Otra de las reflexiones guiadas de Pinker es sobre la diferencia entre Correlación y Causación. Dos cosas pueden estar conectadas en el tiempo, una apareciendo regularmente antes de la otra, lo cual no necesariamente significa que una provoque a la otra. Ciertamente para que algo provoque algo más, es un requisito que la causa sea anterior al efecto, pero también es necesario que exista una relación entre ambas y que cada vez que una ocurra la otra le siga. Si yo, en Tampico, Tamaulipas, me anudo las cintas de los tenis y el segundo siguiente se registra un terremoto en la Ciudad de México, ¿cómo podría yo alegar que fue anudarme las cintas lo que provocó el terremoto?

Ser razonables nos obliga en ocasiones a analizar la dispersión de datos, para ello ocupamos conocer algunos conceptos, importante entre ellos es la regresión a la media. Lo que este fenómeno implica es que rachas con resultados fuera de lo ordinario difícilmente se podrán sostener por mucho tiempo, estadísticamente debemos esperar que los resultados vuelvan a su cauce normal (claro, es posible que se logre un avance o retroceso y que se genere una nueva normalidad). Esto es común en los deportes, por ejemplo, en el basquetbol, donde en un juego algún jugador logra encestar mucho más de lo ordinario, aunque regularmente si lo seguimos en próximos juegos, su promedio tiende a estabilizarse nuevamente en su valor anterior o muy cerca de éste.

En el penúltimo capítulo, Pinker se pregunta: ¿Qué está mal con las personas? Claro, no repetiré lo que ya dije al inicio de este ensayo ni agregaré ejemplos o nuevos casos, lo que sí haré será exponer, muy brevemente, un par de las explicaciones necesarias. La primera es el razonamiento motivado, es decir, las conclusiones a las que la gente llega son las que son convenientes para ellos. Lo mismo ocurre en reversa cuando la gente tiene fuertes dificultades para comprender por qué es justo que una deducción en su salario se aplique (aún y si se encuentra perfectamente ajustada a una sencilla ley). La segunda que expondré es el sesgo de mi lado, en el que los argumentos que favorecen a mi tribu, llámese congregación religiosa, partido político o equipo deportivo (entre muchos) son los que encuentro más atractivos y fácilmente acepto; curiosamente exponerme a buenos argumentos del otro lado me vuelve extraordinariamente crítico. Otras explicaciones son dadas y bien elaboradas en este capítulo.

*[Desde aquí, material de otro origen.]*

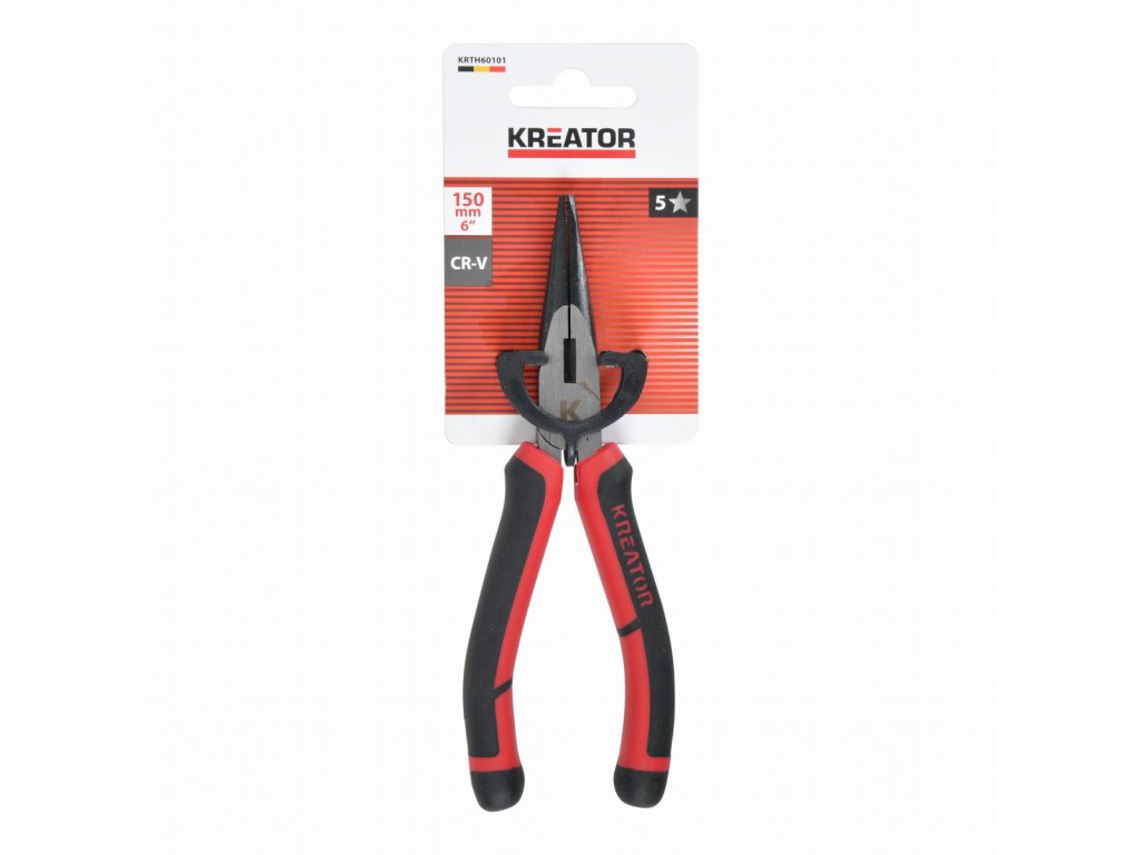 Dlouhé kleště ploché 150mm HIGH QUALITY. Tyto vysoce kvalitní kleště KRTH60101 od Kreator s dlouhými plochými čelistmi lze použít k držení, stříhání, odizolování a krimpování vodičů o průměru až 35 mm. Jsou vyrobeny z materiálu CR-V s povrchovou úpravou satin a mají délku 150 mm. Měkké gumové...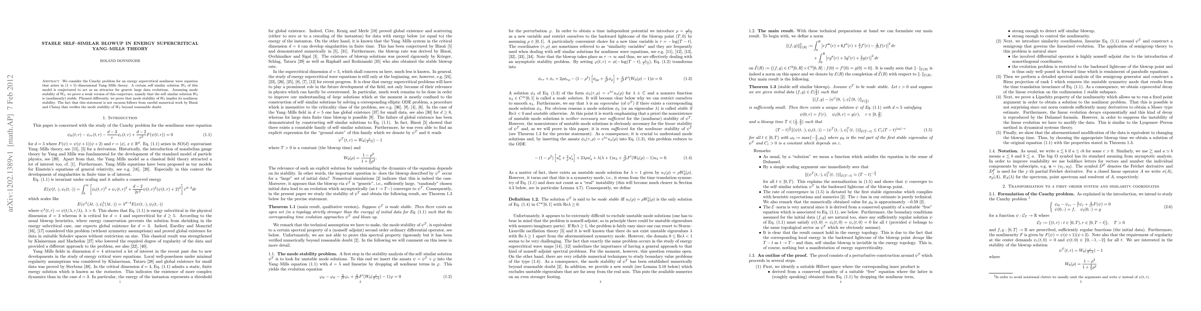 We consider the Cauchy problem for an energy supercritical nonlinear wave equation that arises in $(1+5)$--dimensional Yang--Mills theory. A certain self--similar solution $W_0$ of this model is conjectured to act as an attractor for generic large data evolutions. Assuming mode stability of $W_0$, we prove a weak version of this conjecture, namely that the self--similar solution $W_0$ is (nonlinearly) stable. Phrased differently, we prove that mode stability of $W_0$ implies its nonlinear stability. The fact that this statement is not vacuous follows from careful numerical work by Bizo\'n and Chmaj that verifies the mode stability of $W_0$ beyond reasonable doubt.
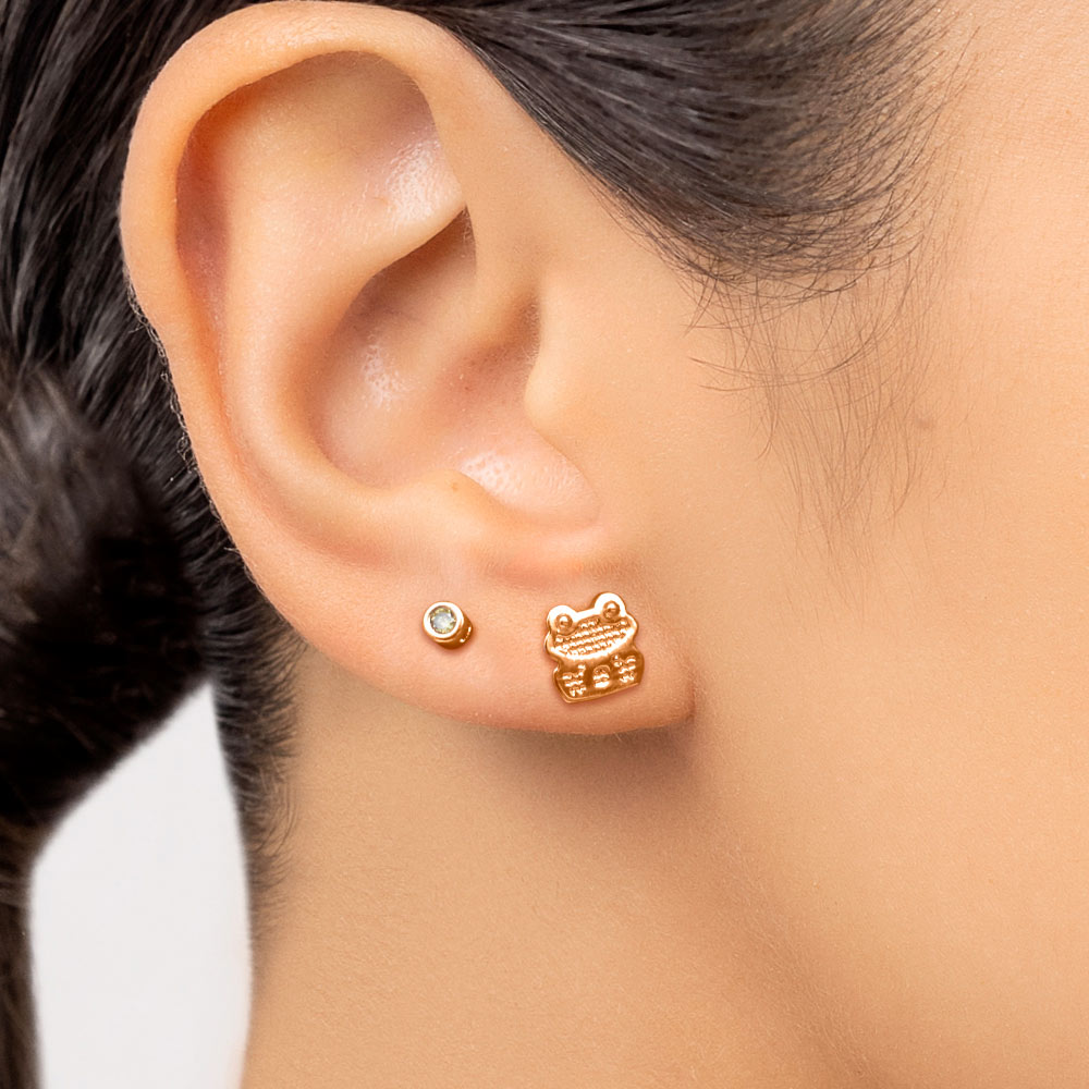 Kit brinco formado por um par solitário composto por duas zircônias de 2,00 mm e um par formato sapo. med. 0,70 cm x 0,80 cm / 0,30 cm x 0,30 cm (joia licenciada coleção disney)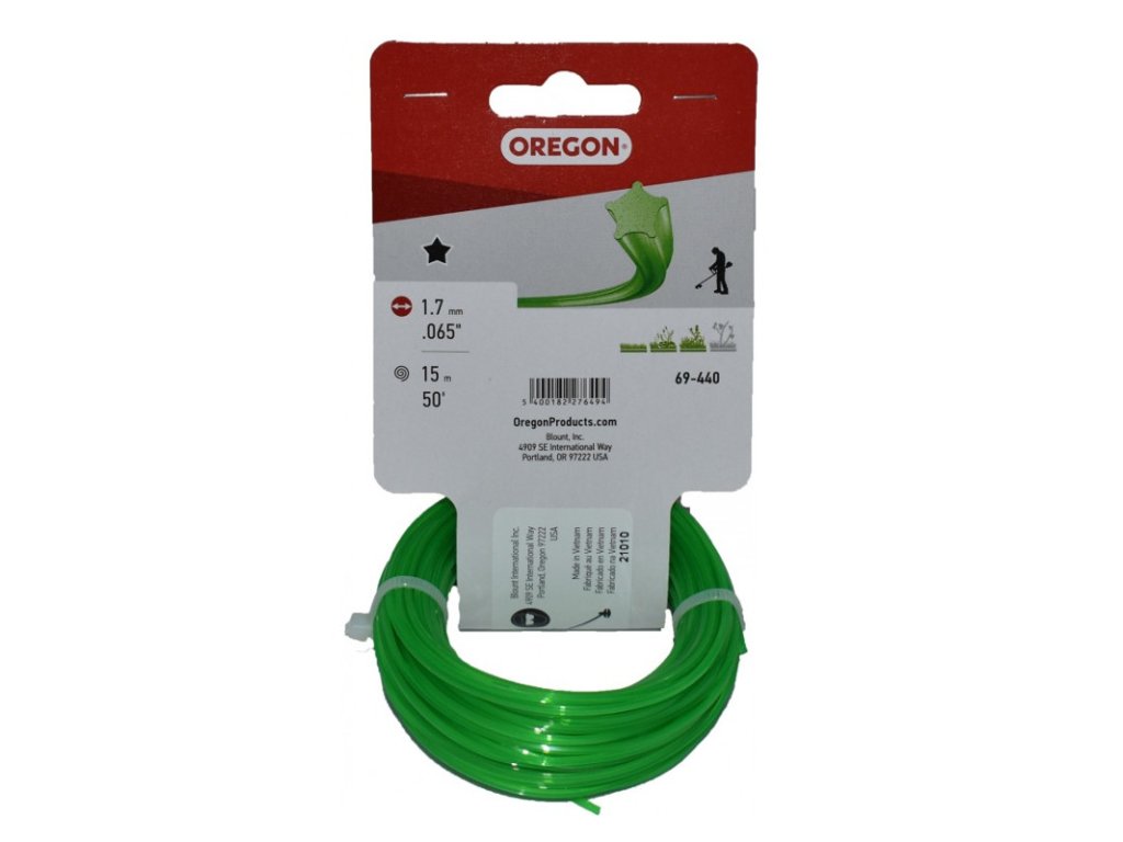 Zelená struna OREGON s profilem hvězda je vhodná především pro pravidelné sečení zahrad, parků a pozemků s nízkou i vyšší trávou.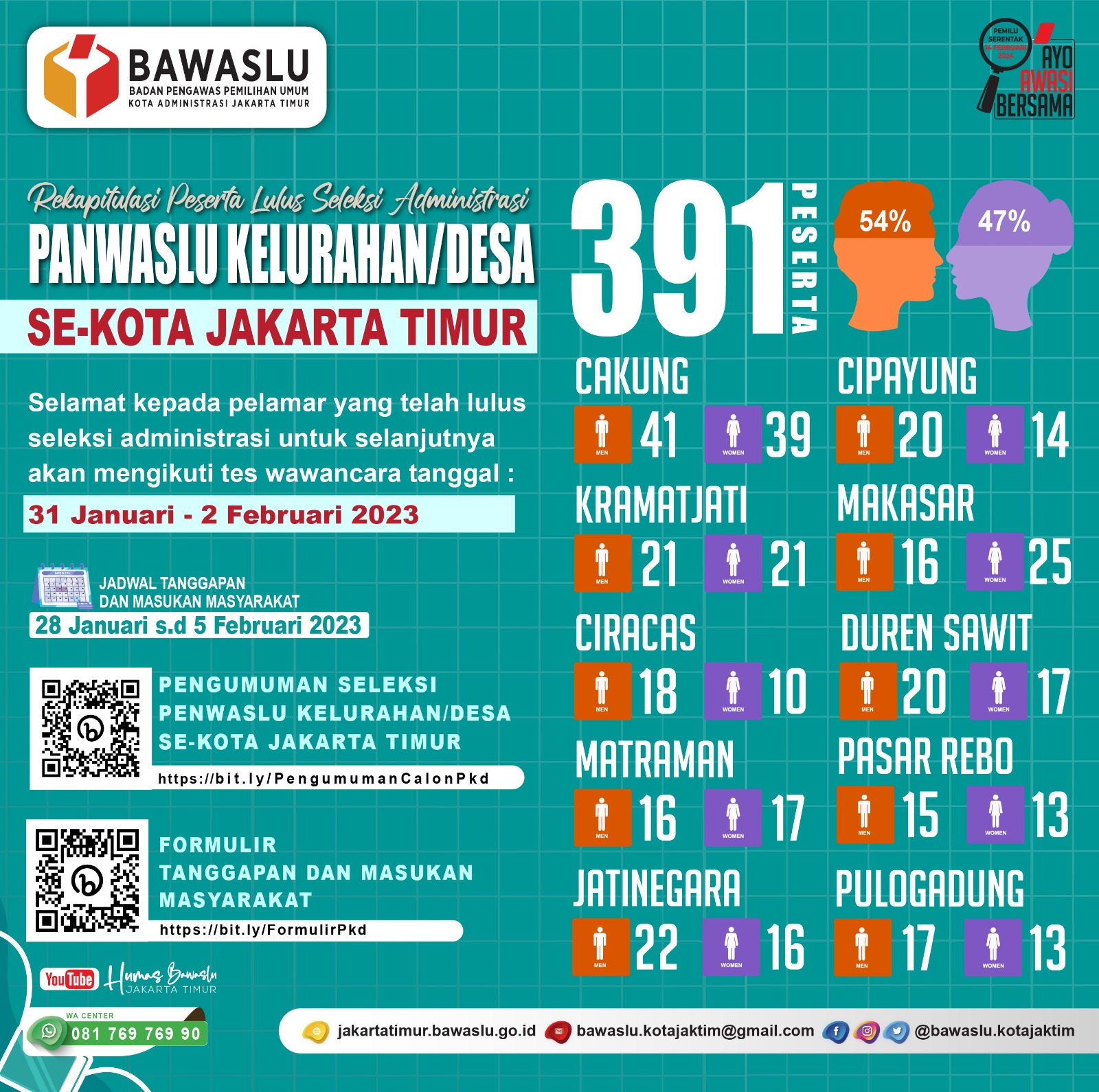 Pengumuman Hasil Seleksi Administrasi Calon Panwaslu Kelurahan/Desa se-Kecamatan di Wilayah Jakarta Timur: Sebanyak 391 Pelamar Lolos Seleksi Administrasi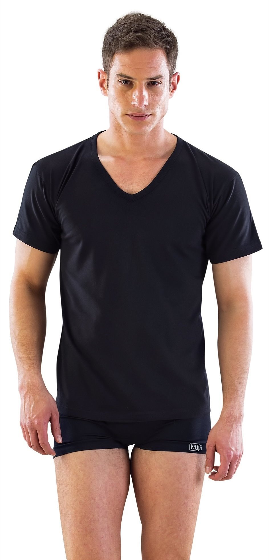 Siyah ve gri renk seçeneklerine sahip, ribana dokulu, V yaka kısa kol erkek atlet.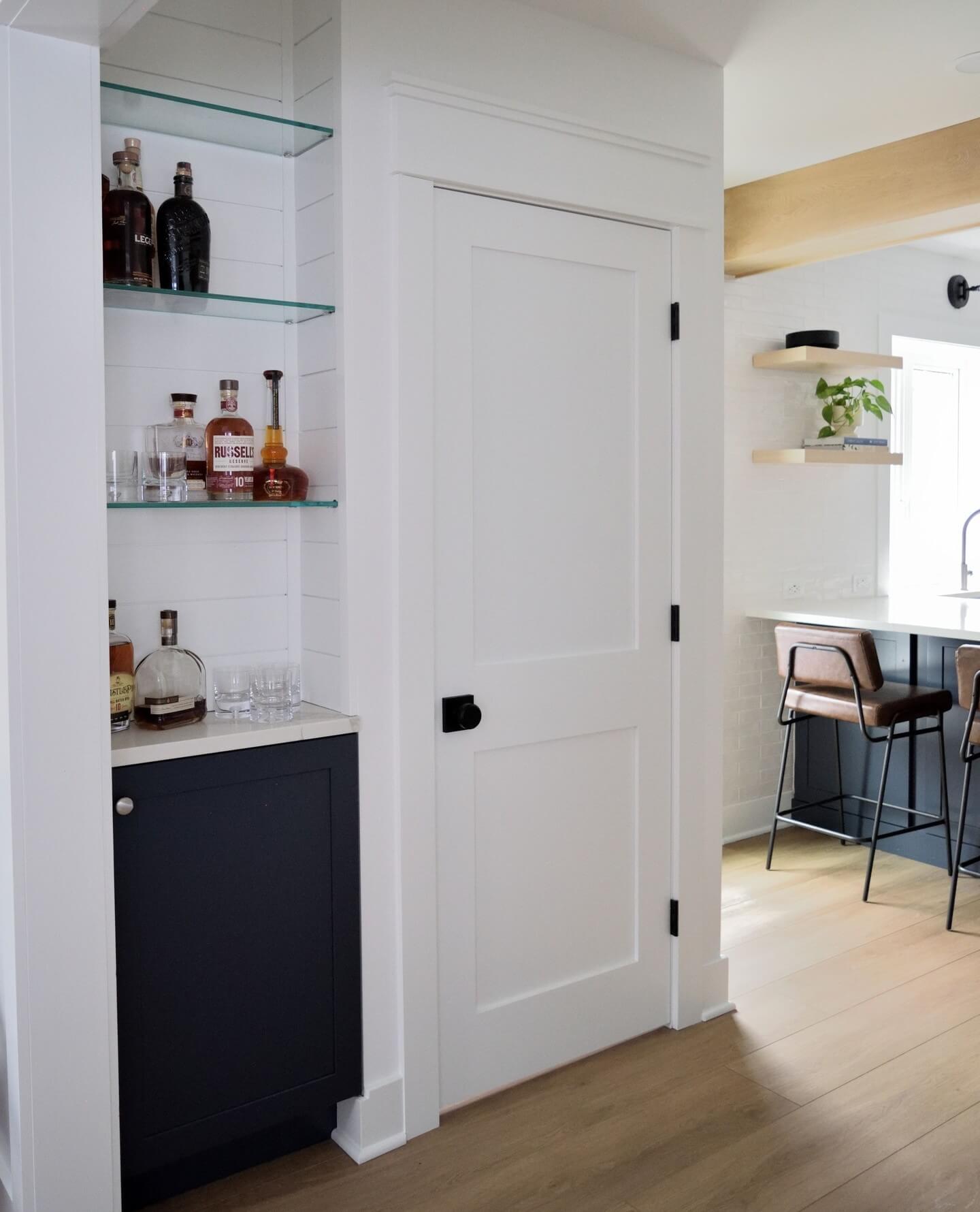 This bar nook style is ideal for compact spaces or homeowners who prefer a simple, uncluttered aesthetic. It highlights the ability to design with intention, creating a space that feels both expansive and intimate, perfect for any modern home.
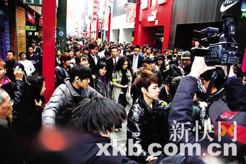 由于大批圍觀人群逼爆現(xiàn)場(chǎng),所以大會(huì)除了用鐵欄桿隔出3米的距離讓阿嬌受訪,還出動(dòng)十名保安及三十多位工作人員“護(hù)嬌”,更筑起三道人墻前后將阿嬌包圍。阿嬌不斷強(qiáng)調(diào)臺(tái)灣的Fans讓她備感溫暖,并向Fans溫情“喊話”,感謝他們的不離不棄,“希望大家逆境自強(qiáng)、永不妥協(xié),困難時(shí)不要放棄希望。你們(歌迷)的一舉一動(dòng)都給我很大力量,我唯一可以回報(bào)的就是堅(jiān)強(qiáng)面對(duì)!彪S后她在巨型布景板上寫(xiě)下“堅(jiān)強(qiáng)、努力”兩詞。阿嬌說(shuō),兩個(gè)月前她曾悄悄和阿Sa到臺(tái)灣度假,還透露早些年因有人挑撥離間,導(dǎo)致自己和阿Sa沒(méi)那么親近,兩人一起來(lái)臺(tái)灣后,心結(jié)全消。
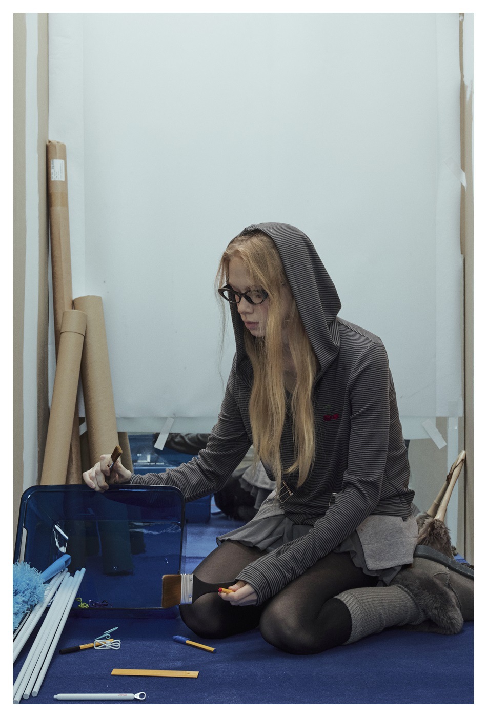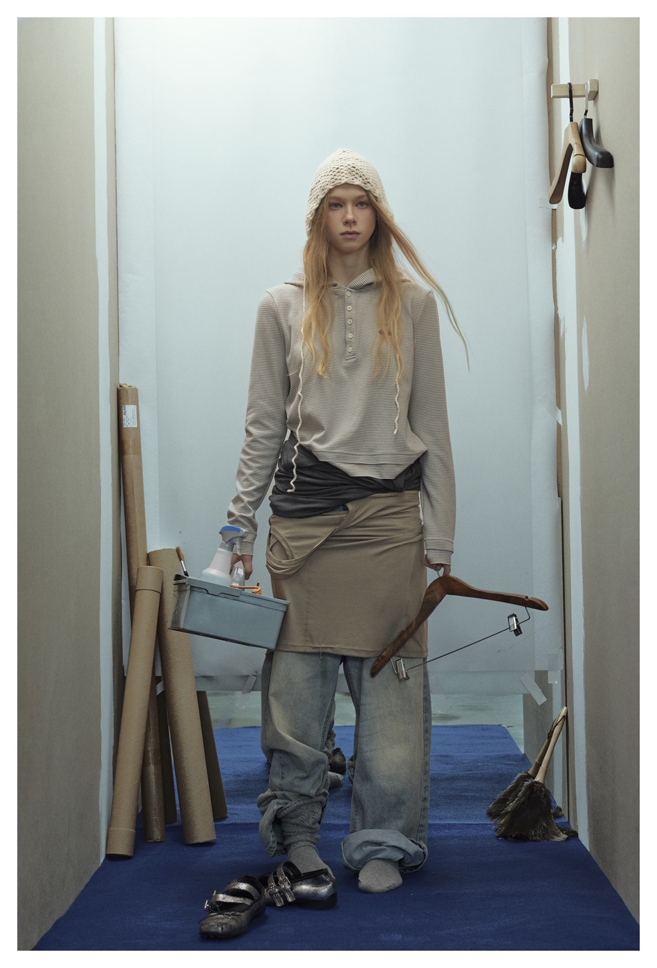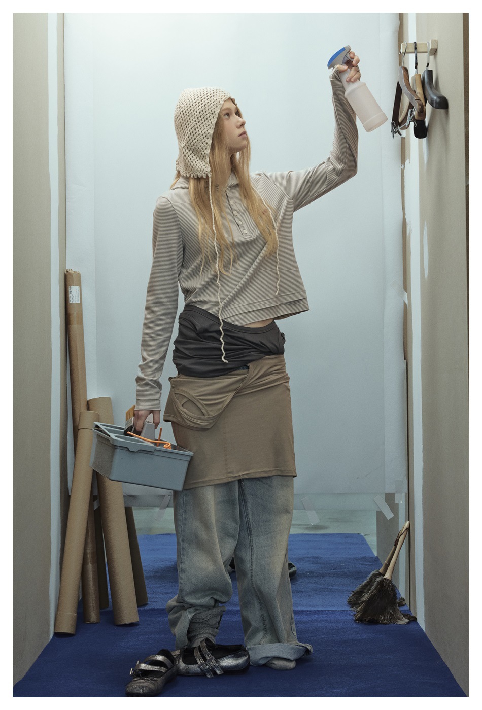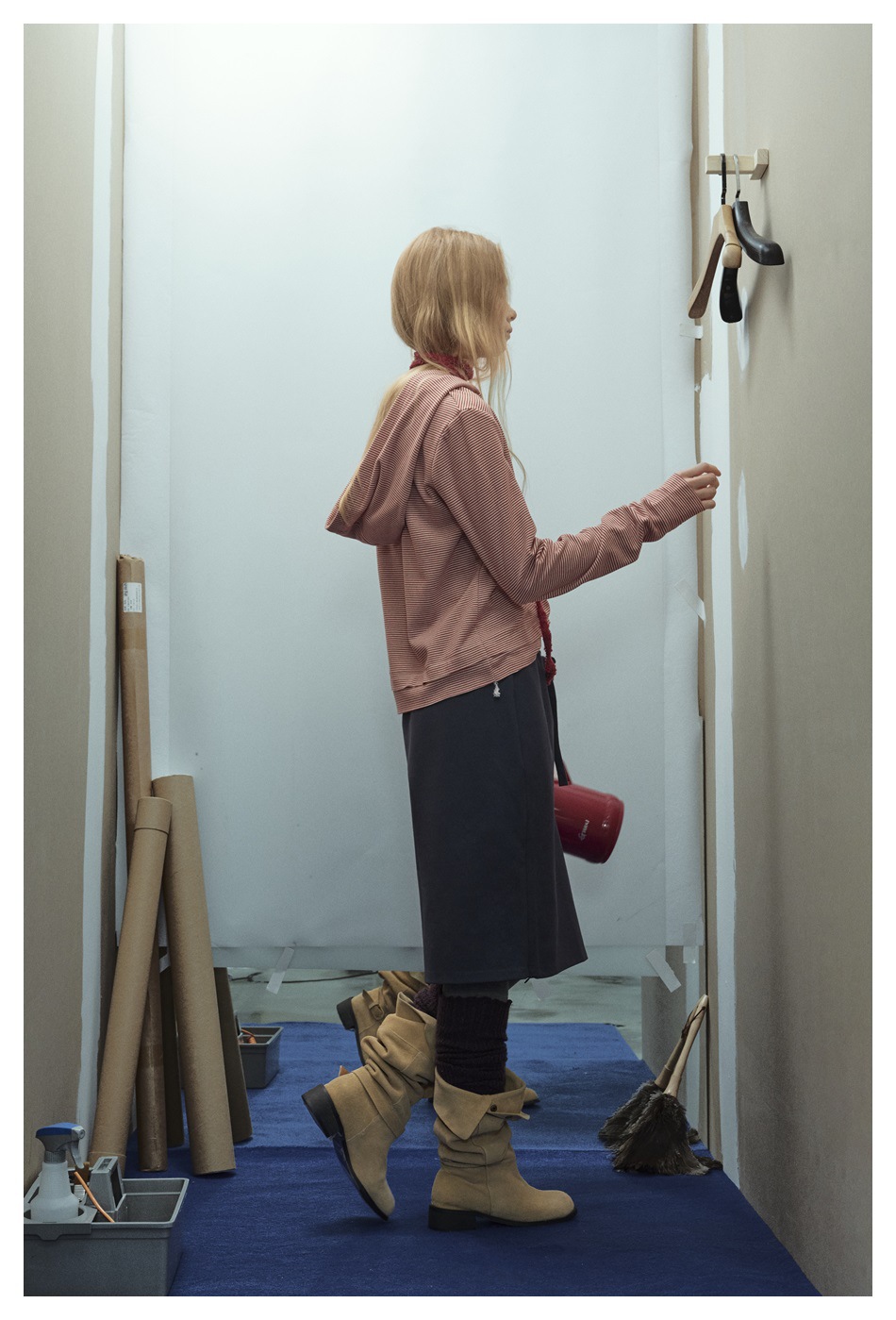 STAFFPICK Girly Striped Top Skinny Embroidered Hooded Sweater

Finalmente, Pinker cierra su libro respondiendo a: ¿Por qué es importante ser racional? Indudablemente, hay que leer este capítulo, yo citaré solo un párrafo casi completo:

Estas son algunas de las razones para creer que las fallas de racionalidad tienen consecuencias en el mundo. ¿Se puede cuantificar el daño? El activista de pensamiento crítico Tim Farley intentó hacer eso en su sitio web y en su cuenta de Twitter con el nombre de la pregunta frecuente «¿Cuál es el daño [de no contar con pensamiento crítico]?» Farley no tenía manera de responder con precisión, por supuesto, pero trató de despertar a la gente a la enormidad del daño causado por las fallas del pensamiento crítico enumerando todos los casos autenticados que pudo encontrar. Desde 1970 hasta 2009, pero sobre todo en la última década en ese rango, documentó 369,279 personas muertas, más de 300,000 heridas y $2.8 mil millones [de dólares] en daños económicos por errores garrafales en el pensamiento crítico. Incluyen personas que se matan a sí mismas o a sus hijos al rechazar los tratamientos médicos convencionales o al usar curas a base de hierbas, homeopáticas, holísticas y de otro tipo; suicidios en masa de miembros de cultos apocalípticos; asesinatos de brujas, hechiceros y las personas a las que maldijeron; víctimas inocentes estafadas de sus ahorros por psíquicos, astrólogos y otros charlatanes; burladores y justicieros arrestados por actuar sobre delirios conspirativos; y pánicos económicos por supersticiones y falsos rumores.

El mundo modernos nos plantea retos como jamás los hemos visto como humanidad, si hemos de salir adelante, sin duda adoptar más racionalidad es parte fundamental de la solución.

P.S. La funda cuesta $5.00; los folletos se imprimen en 8 minutos y; la hierba requiere de 29 días para cubrir la mitad del campo.